1) What is expected of the GSS proposal:

            Proposals should be 1-2 pages of text, in MS Word or Adobe Acrobat format, uploaded to Canvas (upload the draft and the final to the same assignment in Canvas). For the GSS proposal you should identify one variable you will use, along with year. In your proposal you should provide an embedded table or figure showing how your variable changes over time. If your variable of interest was only asked once, cross tabulate with another variable like race, education, geographic region, age (you might want to recode age into a few categories) or gender. Axes, variables, and categories should be appropriately labeled. Explain briefly what you want to know about the variable in question. Mention what other variable you are thinking of using as a control. When writing about GSS variables, please include the GSS name (i.e. SOCBAR or DIVORCE) as well as the variable description and full text of the question.

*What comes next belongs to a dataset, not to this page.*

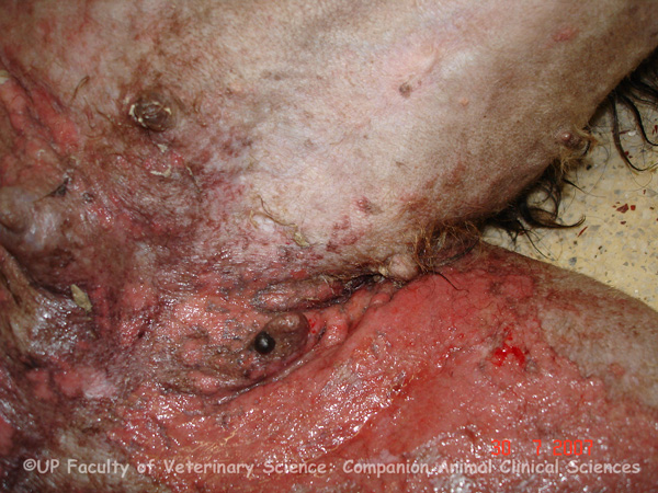 | dc.description.abstract | PHOTOS 1-5: Neoplasia of the skin and subcutaneous tissues are the most common tumours affecting dogs and there are several different types of neoplasia found in skin. Skin tumours are usually classified histologically as there are so many cutaneous structures that could be involved. Tumours are classified according to the tissue of origin and the level of malignancy. Mast cell tumours are the most common type of cutaneous tumour found in dogs. Schnauzers, Boston terriers and Labrador retrievers are some of the breeds that are predisposed to mast cell tumours. Cutaneous mast cell tumours arise from mast cells in the dermis and subcutaneous tissues. These tumours are often infiltrative and metastasize easily to bone marrow and other organs. Undifferentiated mast cell tumours are big, rapidly growing, ulcerated lesions. Hair loss and erythema are common. Mast cell tumours are diagnosed via fine needle aspiration cytology. Rowmanovsky and rapid haematologic type stains are used. Treatment is via surgical excision, radiation therapy or external beam radiotherapy. Poorly differentiated, metastatic mast cell tumours are fatal if there is not effective post surgical treatment. PHOTO 6: Eyelid neoplasms are common in older dogs and are usually benign. Eyelid masses can be resected but the eyelid structure must be restored after excision to maintain long-term ocular surface health. If the structure of the eyelid is damaged it may cause corneal exposure, irritation and ulceration. The most common eyelid neoplasms are sebaceous gland tumours, papillomas and melanomas. Papillomas are more common in younger dogs. Ocular papillomas may have papovavirus aetiology. Eyelid masses that are rapidly growing and ulcerated or are associated with corneal irritation should be resected as soon as possible. Histologically malignant eyelid tumours rarely metastasize and most eyelid tumours are histologically benign. Prognosis for most eyelid tumours is good as metastasis is rare and recurrence rates are low. | en |

            Students sometimes ask: “What GSS variables can be studied?” The answer is that you can focus on any variable as long as you believe you will be able to tie the results somehow back to the reading we have done.

 

 

2) What is expected of the GSS paper:

            Papers should be 3-6 pages of text, plus at least two tables or figures. Convert your paper to Word or to Adobe Acrobat PDF format to make sure that the graphics are embedded in a way that we can read them, then upload to Canvas. The main thing you want to write about is your chosen GSS variable, and how it varies. This is a short assignment, so you will need to get right to the point. First of all, your paper should respond to and accommodate your TA’s feedback on your proposal. In addition to the table or figure you included in your proposal, you need to include a second analysis, which brings a third variable in as a control. Appropriate controls include things like race (RACE), education (EDUC in years, so 12=HS and 16=BA), geographic region (REGION), religion (RELIG or ATTEND), current marital status (MARITAL), birth cohort (COHORT recoded into categories), political party affiliation (PARTYID), income (REALINC is family income in constant 1986 dollars; assume 200K is the top code so as not to get confused by the missing value codes and keep in mind that inflation from 1986 to 2018 increases values by about 2.2 so recode this variable accordingly- $50K is an upper middle class income in 1986 dollars), age (AGE recoded into categories) or gender (SEX), or something else you want to consider. The purpose of the control variable is for you to be able to write something about how the variable you’re interested in varies with respect to the control. Note this sample recode for income REALINC(r: 0-25000 "0-25K"; 25001-50000 "25K-50K"; 50001-200000 ">50K").

            One key is for you to discuss the results as they really are, not as you want them to be or as you expected them to be given the literature. If your results contradict the literature in some way, that is good, explain the discrepancy.

            The last page or so of your paper needs to address the literature we have read in the class. How do your findings agree with or disagree with something we have read? The quality of the paper will depend, in part, on how thoughtfully you use your results to reflect on one or more of the readings.

            When writing about GSS variables, please include the GSS name (i.e. SOCBAR or DIVORCE) as well as the variable description and full text of the question.